» DESCRIPTION OF THE TASK: Would you retype exactly the lines below, starting with the one that has "- Diebstahlsicherer, einteiliger" and going on through the one that has "الأخبار (نواكشوط) –", with no pictures and nothing else?

» Items from a dataset:
*** Begin section ***

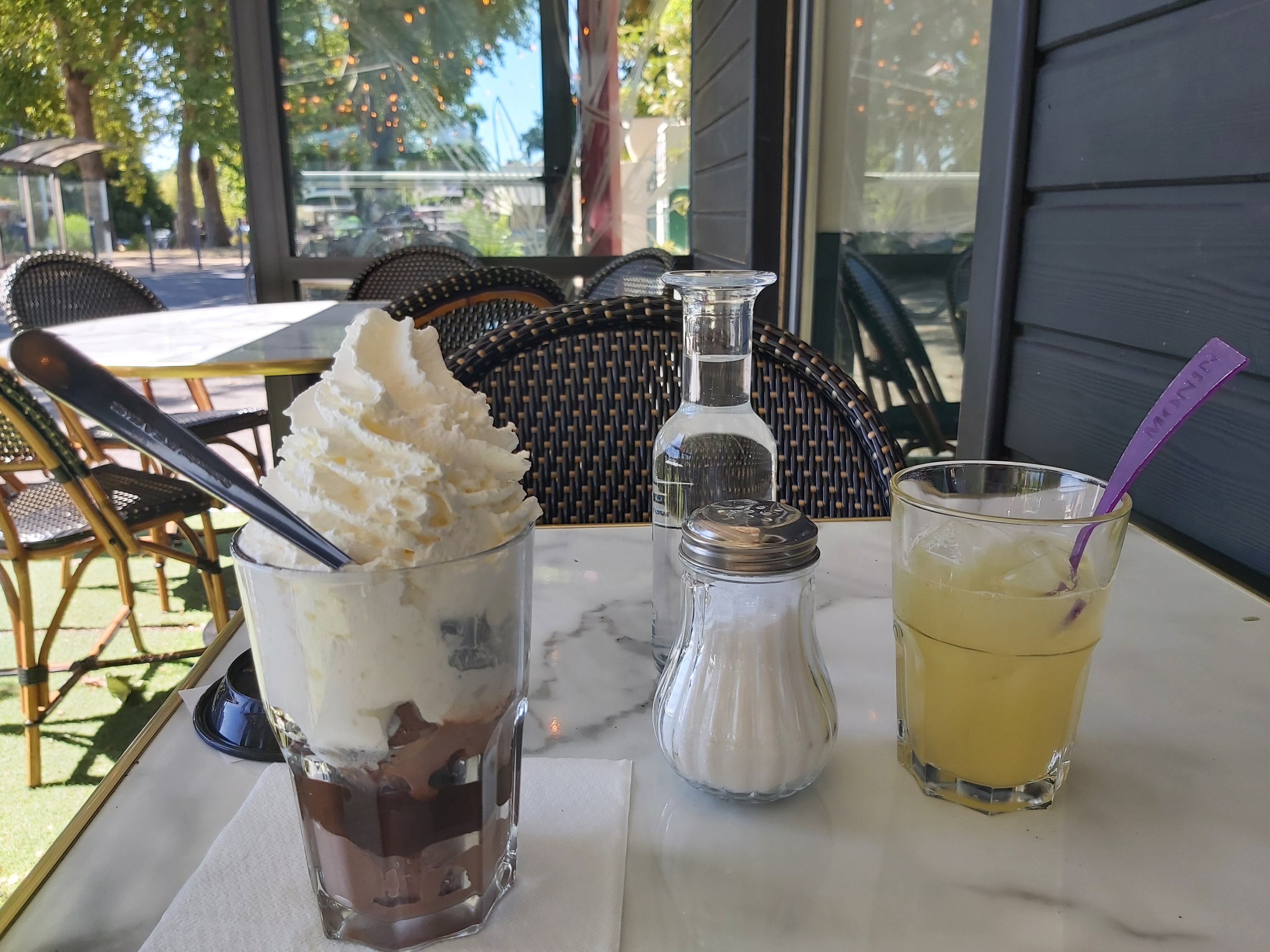 Une petite douceur à l'heure du goûter avec vue directe sur l'Erdre... Les glaces sont bien présentées, la chantilly délicieuse... Et cette carafe d'eau fraîche en accompagnement que l'on n'a même pas besoin de demander...
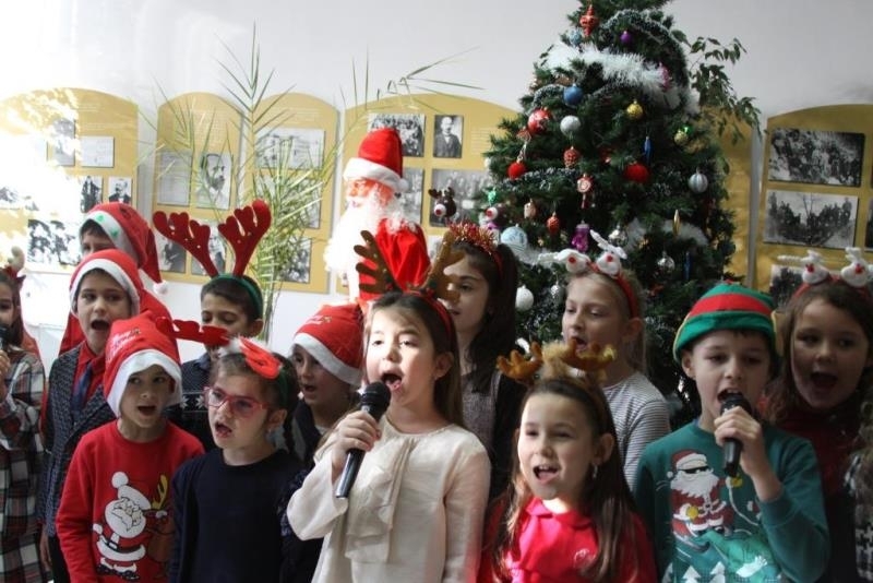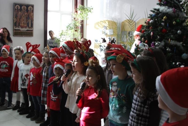 Празнична програма с участието на вокална група „Весели звънчета“ с ръководител Веселка Александрова и малките джудженца от 1.а и 1.б клас с класни ръководители Нели Христова и Лена Каменова постави началото на коледните и новогодишни тържества в училището.
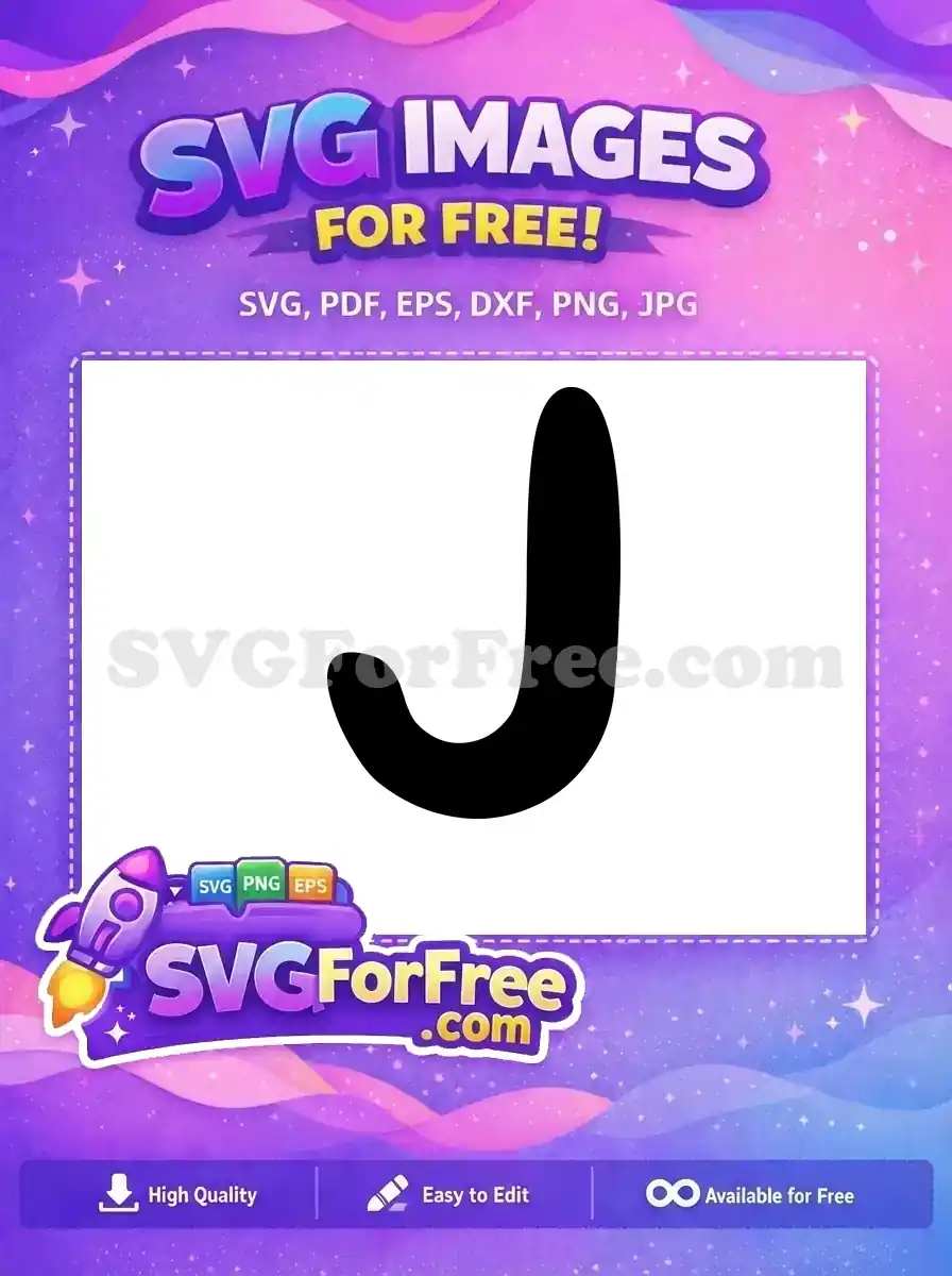 A no-cost vector of the uppercase letter J, designed with a thick, consistent stroke and a simple hook.
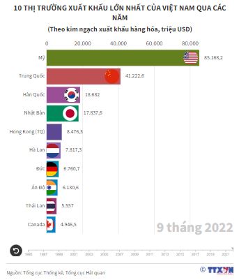 10 thị trường xuất khẩu lớn nhất của Việt Nam qua các năm
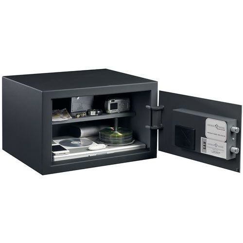 - Diebstahlsicherer, einteiliger Tresor mit 2 Verriegelungszapfen.
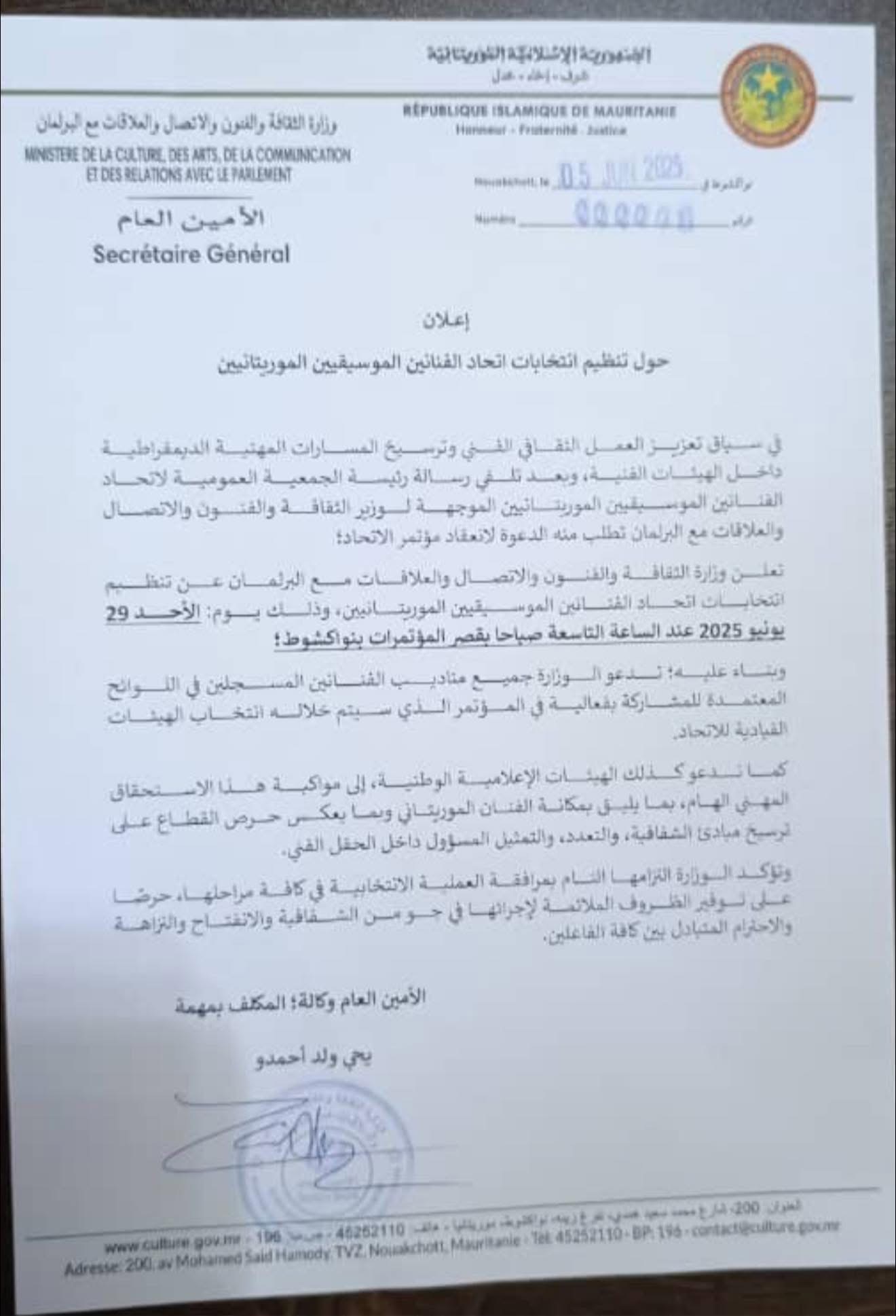 الأخبار (نواكشوط) – أعلنت وزارة الثقافة والفنون والاتصال والعلاقات مع البرلمان عن تحديد 29 من يونيو الجاري لتنظيم انتخابات اتحاد الفنانين الموسيقيين الموريتانيين، وذلك بقصر المؤتمرات في نواكشوط.
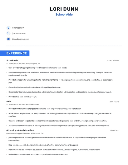 Build a professional school aide resume in minutes. Browse through our resume examples to identify the best way to word your resume. Then choose from 5+ resume templates to create your school aide resume.
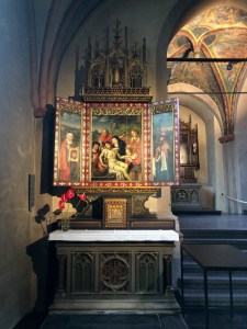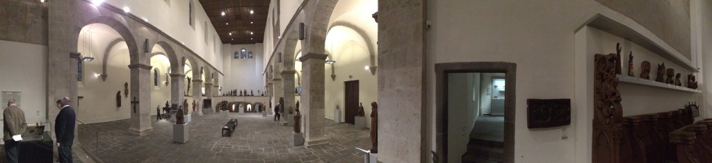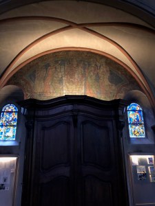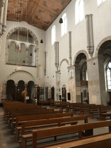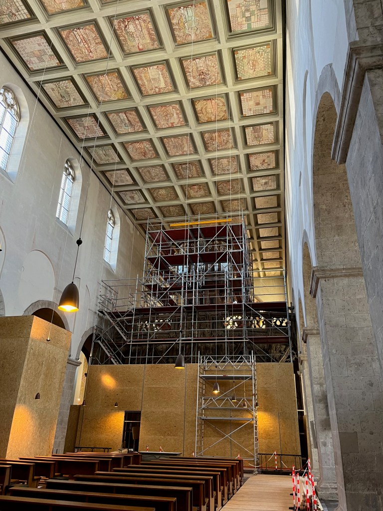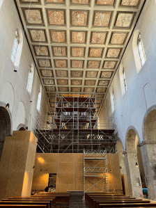 …can still be seen in St. Pantaleon where they kept the flat ceiling. Even though the later added windows with the pointed arches close to the ceiling are from the later late-medieval Gothic architectural style.

*** End section ***

» RESPONSE TO THE EXERCISE:
 - Diebstahlsicherer, einteiliger Tresor mit 2 Verriegelungszapfen.
 الأخبار (نواكشوط) – أعلنت وزارة الثقافة والفنون والاتصال والعلاقات مع البرلمان عن تحديد 29 من يونيو الجاري لتنظيم انتخابات اتحاد الفنانين الموسيقيين الموريتانيين، وذلك بقصر المؤتمرات في نواكشوط.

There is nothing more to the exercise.